Indiana’s inheritance tax will soon be no more.  Under a bill signed by Governor Mitch Daniels this week, the state inheritance tax will be gradually eliminated over the next decade.  Of course, this will further benefit the state’s wealthiest taxpayers even as the state’s poorest residents already pay an effective state and local tax rate more than twice that paid by the rich.  

Connecticut lawmakers are seriously considering capping the state’s gasoline tax rate, due to the political pressures created by high gas prices.  A permanent cap, as some lawmakers prefer, would be extremely poor policy because it would flat line the gas tax as a revenue source for years to come.  A temporary cap would be preferable, but the best solution would be one that ITEP recommended for North Carolina last summer: design a cap that limits volatility. This protects consumers from price spikes and stabilizes state budgets without undermining a key source of revenue.

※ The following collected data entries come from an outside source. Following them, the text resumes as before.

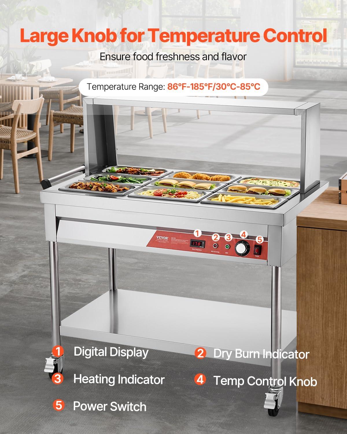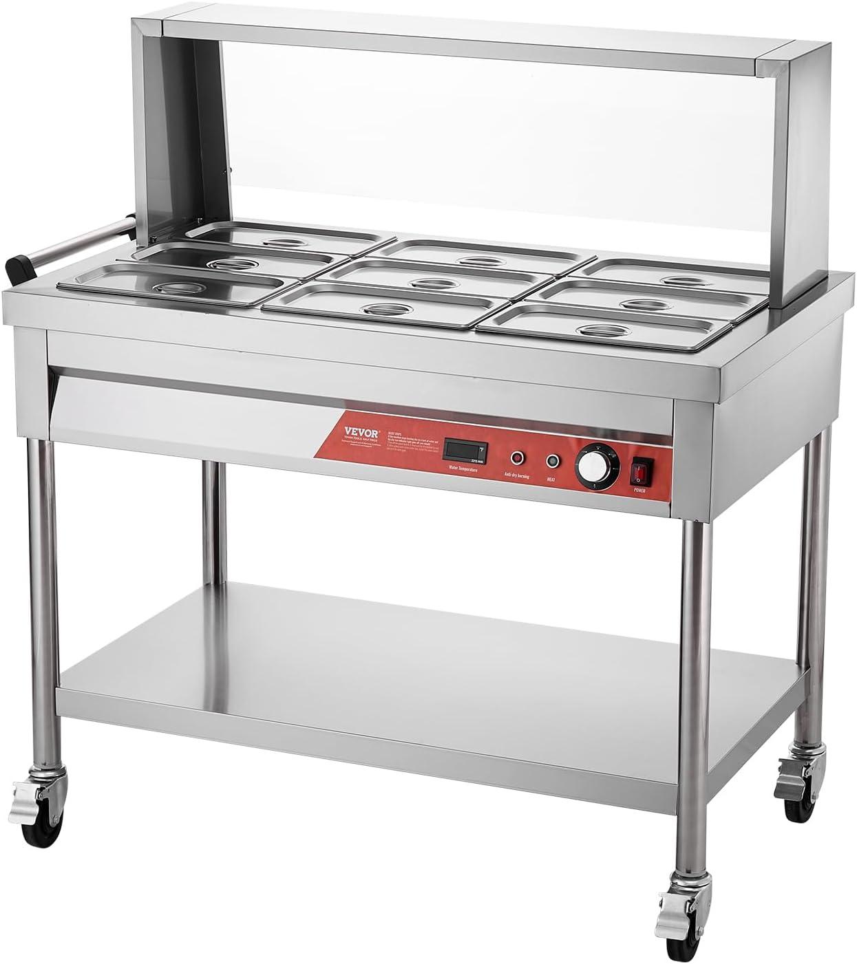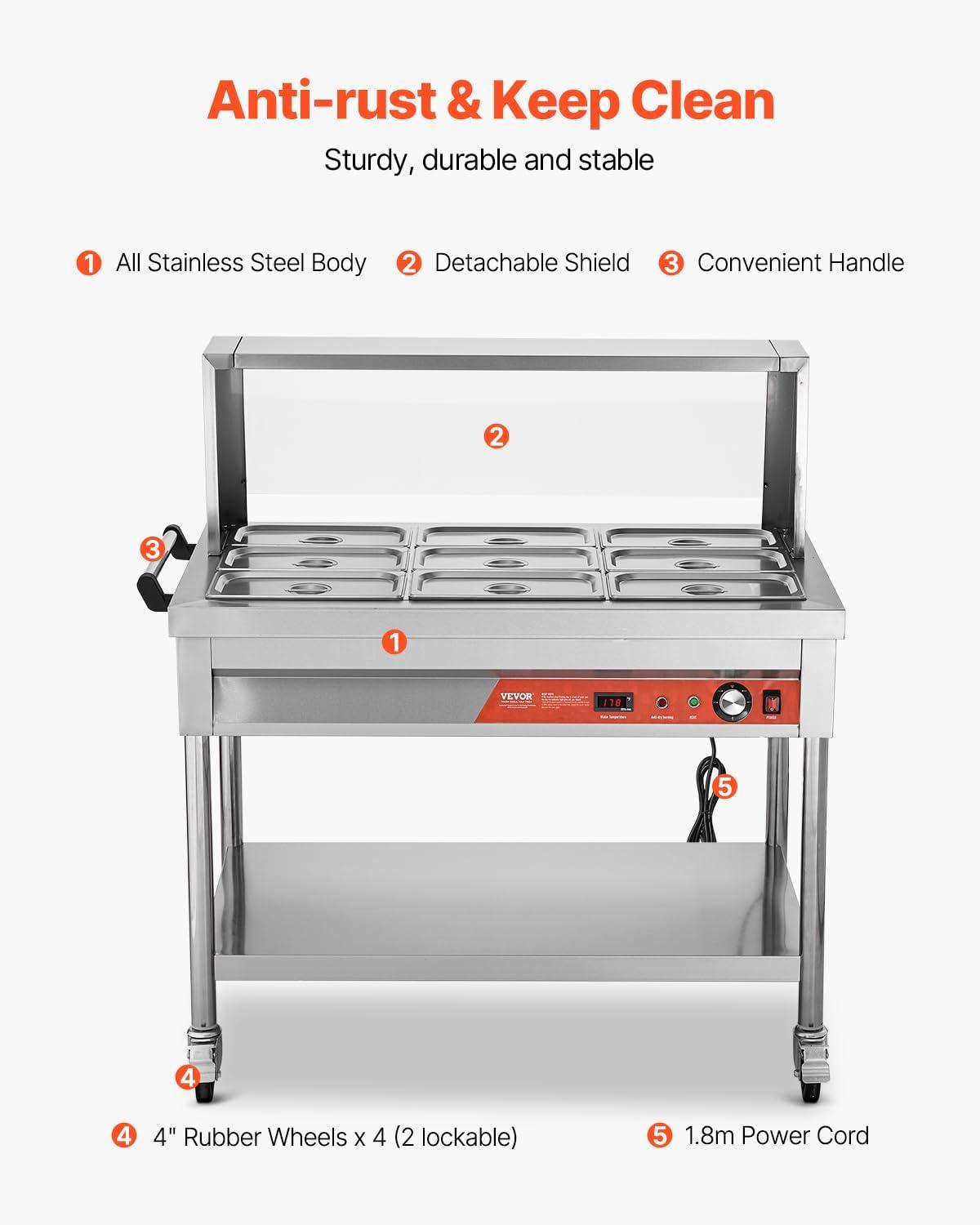 VEVOR Commercial Electric Food Warmer, 7 Pans + 2 Pots Steam Table, 1800W Professional Buffet Catering Food Warmer with Shield Undershelf Wheels, Stainless Steel Server for Party Restaurant(8 Pans + 2 Pots)
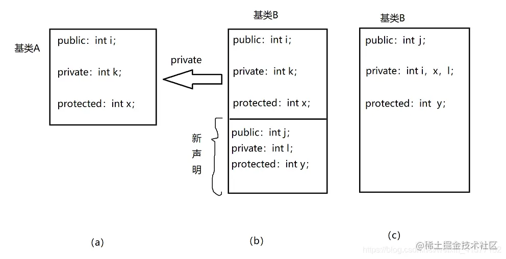 上述图片中(a)为基类(父类),(b)为派生类(子类),(c)是整理过后的派生类。可以看出通过私有继承图(c)中已经没有了类A的private变量k。这是因为通过私有继承,对父类的私有变量已经进行了封装,无法在派生类中访问(不可见)。同时,类A中的public与protected类型均转变为类B的private类型。
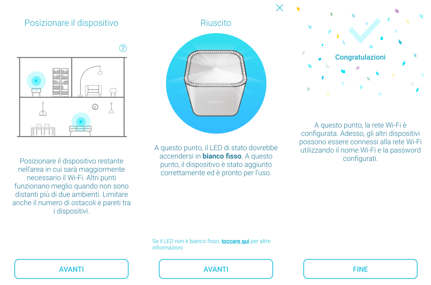 Al termine della procedura di configurazione scollegare le unità slave (satelliti), posizionarle nelle varie stanze di casa non troppo lontano né vicino tra loro e l’unità master, ricollegarle e verificare la copertura del Wi-Fi con lo smartphone.

A new ITEP analysis finds that under a South Carolina House Republican plan, poor South Carolinians would see their income tax increase while wealthy taxpayers would pay less. The effect on individual taxpayers in any bracket are not substantial, but the revenue implications for the state are enormous and depend on the working poor to pick up the tab. The Ruoff Group policy shop does a nice job here of explaining why the plan is neither flat nor fair, as its advocates claim.

An outstanding news analysis in the Cincinnati Inquirer describes Ohio Governor John Kasich’s longstanding desire to eliminate the personal income tax altogether, and his current (failing) effort to pay for it with a fracking tax. The story cites a wide range of policy sources, including ITEP’s report debunking the myth that states without income taxes do better, and concludes that low income taxes alone do not make for stronger economies.